Search

How to download transcripts of YouTube Videos using Python?

With over a billion learning-related videos viewed daily, YouTube can be a great place to learn about things you're passionate about. However, after watching a really cool educational video, there are times when we wish we had made notes to go through later. What if we could extract the entire discussion of the instructor in a text format? Going through transcripts is an awesome way of recollecting the content in the video and we can even highlight all the important sentences for a quick skim through.


This post explains how we can download transcripts of YouTube Videos using Python and save it in a Word Format.

  1. Open Command Prompt

  2. Run 'pip install youtube_transcript_api'. This is a python API which allows you to get the transcript/subtitles for a given YouTube video.

  3. Run 'pip install docx'. The docx module creates, reads and writes Microsoft Office Word 2007 docx files.

Importing the installed modules

from youtube_transcript_api import YouTubeTranscriptApi
from docx import Document
from docx.shared import Pt

Making an API request

video = 'Please enter the URL for your Youtube video'
# For example, video = 'https://www.youtube.com/watch?v=MkNeIUgNPQ8'

# Making an API request to extract the transcript
raw_transcript = YouTubeTranscriptApi.get_transcript(video[32:43], languages=['en'])
transcript = str()
for item in raw_transcript:
    transcript += item['text'] + ' '

At this point, you can print the transcript in console with print(transcript) command.
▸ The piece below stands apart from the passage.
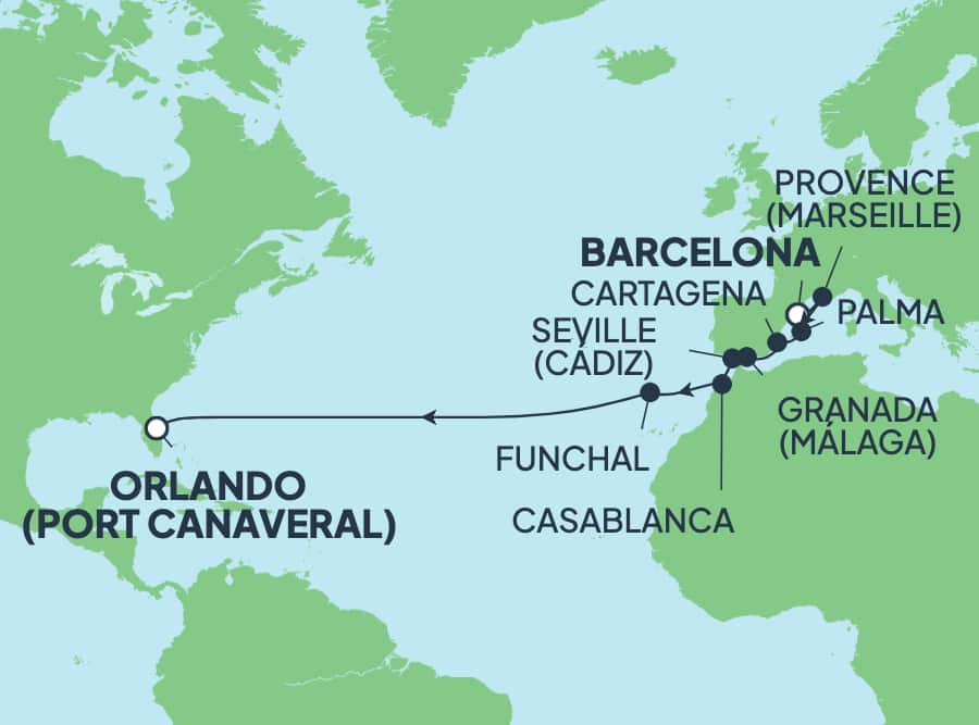 Súbete al Norwegian Escape® y disfruta de un increíble crucero transatlántico de 16 días desde Barcelona hasta Orlando con Norwegian. Pasea por las calles medievales de Barcelona en el Barrio Gótico, donde podrás apreciar la historia catalana en cada esquina y visita la icónica iglesia modernista de Gaudí, La Sagrada Familia. Vive toda la cultura de Sevilla, la capital de Andalucía, y visita su bellísima catedral, una de las más grandes del mundo. Luego, disfruta un tour de día completo a Cádiz con una visita al concurrido Mercado Central de Abastos, un mercado bajo techo que incluye más de 150 puestos de mariscos frescos y deliciosos platos de la cocina local.

If you'd like to further save this transcript into a word file copy and paste the following code

title = 'Please enter the title for your document'
document = Document()
document.add_heading(title, 0)
paragraph = document.add_paragraph(transcript)
paragraph.style = document.styles['Normal']
font = paragraph.style.font
font.name = 'Arial'
font.size = Pt(11)
paragraph.paragraph_format.line_spacing = 1.5
document.save(title+'.docx')

On running the code, a word file will be created in the same folder containing all the transcript.